• INSTRUCTIONS TO FOLLOW: Without reproducing any image, print the listing below exactly.

• THE DATA:

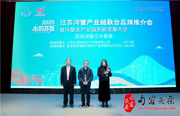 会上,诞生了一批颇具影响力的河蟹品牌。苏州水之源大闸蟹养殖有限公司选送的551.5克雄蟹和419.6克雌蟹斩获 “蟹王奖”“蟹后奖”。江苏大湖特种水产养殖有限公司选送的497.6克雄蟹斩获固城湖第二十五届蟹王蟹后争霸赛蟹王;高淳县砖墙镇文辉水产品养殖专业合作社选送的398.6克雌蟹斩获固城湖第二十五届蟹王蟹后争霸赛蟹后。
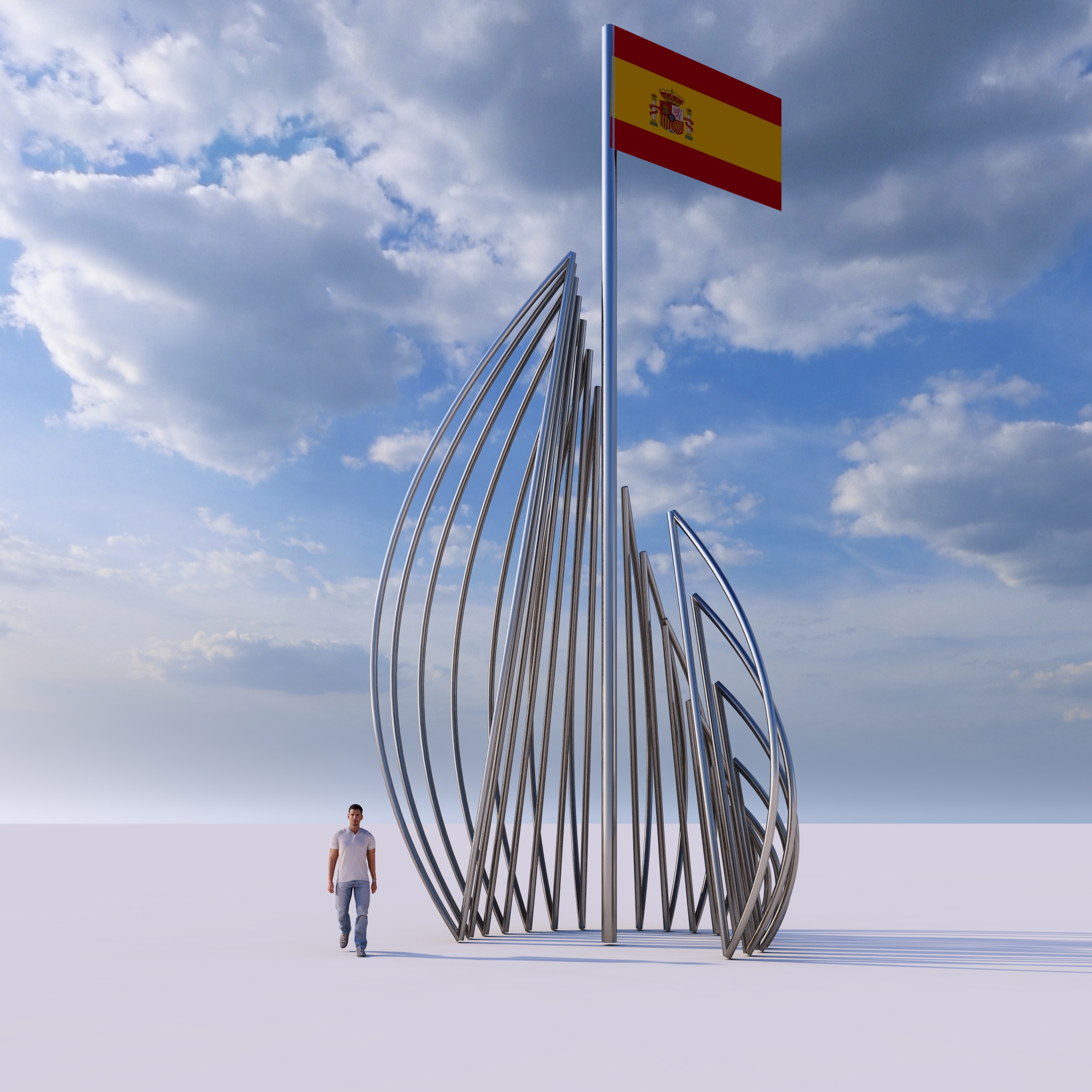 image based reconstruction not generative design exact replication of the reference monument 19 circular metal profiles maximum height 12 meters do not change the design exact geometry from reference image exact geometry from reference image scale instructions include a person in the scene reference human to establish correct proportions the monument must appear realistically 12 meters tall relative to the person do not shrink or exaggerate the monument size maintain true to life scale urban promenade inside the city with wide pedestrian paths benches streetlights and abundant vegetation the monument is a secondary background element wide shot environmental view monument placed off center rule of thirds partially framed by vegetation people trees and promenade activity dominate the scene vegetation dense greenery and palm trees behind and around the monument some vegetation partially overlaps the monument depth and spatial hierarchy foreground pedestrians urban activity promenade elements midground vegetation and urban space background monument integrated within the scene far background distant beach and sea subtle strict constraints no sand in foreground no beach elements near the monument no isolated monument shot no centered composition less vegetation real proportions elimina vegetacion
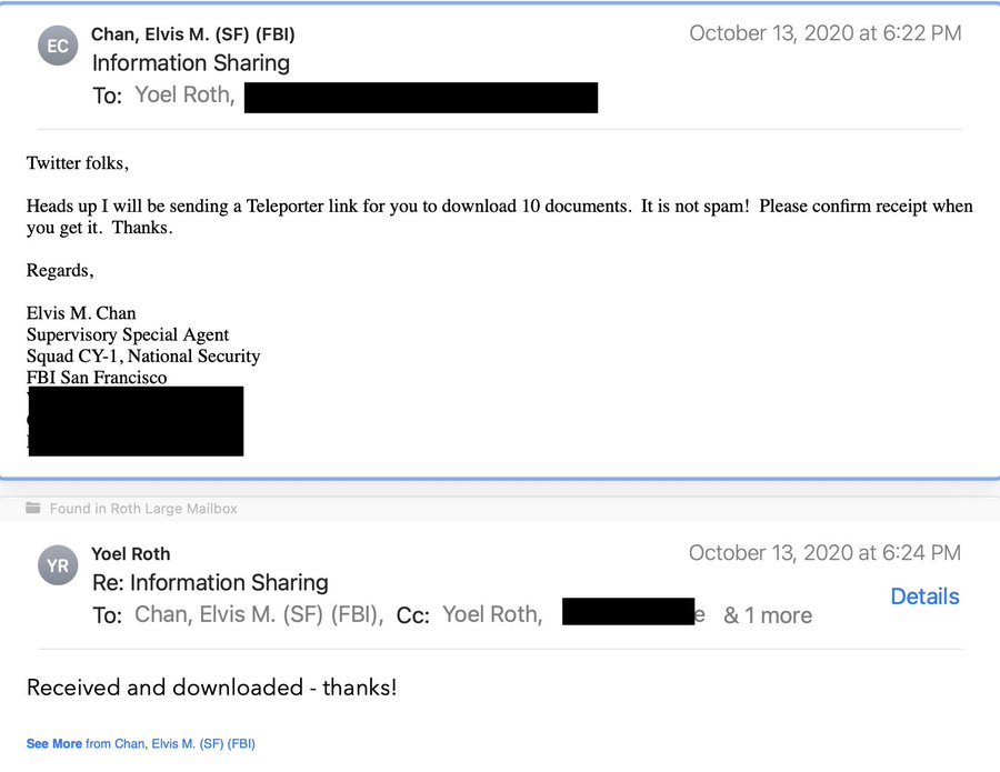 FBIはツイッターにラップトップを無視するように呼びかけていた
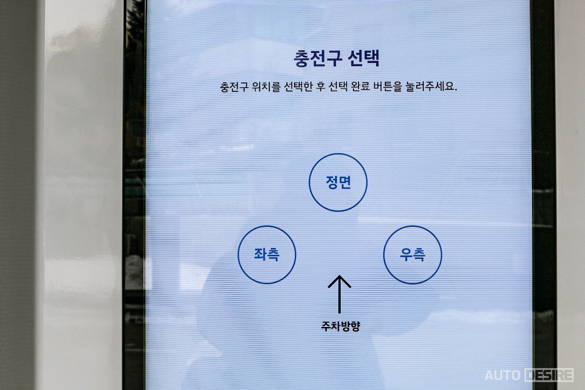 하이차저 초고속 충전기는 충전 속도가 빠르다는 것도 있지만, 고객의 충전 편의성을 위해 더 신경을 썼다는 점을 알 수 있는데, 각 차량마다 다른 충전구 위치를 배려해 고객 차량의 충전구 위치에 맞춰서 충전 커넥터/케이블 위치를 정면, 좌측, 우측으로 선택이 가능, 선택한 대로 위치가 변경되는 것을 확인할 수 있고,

• EXERCISE SOLUTION:
 会上,诞生了一批颇具影响力的河蟹品牌。苏州水之源大闸蟹养殖有限公司选送的551.5克雄蟹和419.6克雌蟹斩获 “蟹王奖”“蟹后奖”。江苏大湖特种水产养殖有限公司选送的497.6克雄蟹斩获固城湖第二十五届蟹王蟹后争霸赛蟹王;高淳县砖墙镇文辉水产品养殖专业合作社选送的398.6克雌蟹斩获固城湖第二十五届蟹王蟹后争霸赛蟹后。
 image based reconstruction not generative design exact replication of the reference monument 19 circular metal profiles maximum height 12 meters do not change the design exact geometry from reference image exact geometry from reference image scale instructions include a person in the scene reference human to establish correct proportions the monument must appear realistically 12 meters tall relative to the person do not shrink or exaggerate the monument size maintain true to life scale urban promenade inside the city with wide pedestrian paths benches streetlights and abundant vegetation the monument is a secondary background element wide shot environmental view monument placed off center rule of thirds partially framed by vegetation people trees and promenade activity dominate the scene vegetation dense greenery and palm trees behind and around the monument some vegetation partially overlaps the monument depth and spatial hierarchy foreground pedestrians urban activity promenade elements midground vegetation and urban space background monument integrated within the scene far background distant beach and sea subtle strict constraints no sand in foreground no beach elements near the monument no isolated monument shot no centered composition less vegetation real proportions elimina vegetacion
 FBIはツイッターにラップトップを無視するように呼びかけていた
 하이차저 초고속 충전기는 충전 속도가 빠르다는 것도 있지만, 고객의 충전 편의성을 위해 더 신경을 썼다는 점을 알 수 있는데, 각 차량마다 다른 충전구 위치를 배려해 고객 차량의 충전구 위치에 맞춰서 충전 커넥터/케이블 위치를 정면, 좌측, 우측으로 선택이 가능, 선택한 대로 위치가 변경되는 것을 확인할 수 있고,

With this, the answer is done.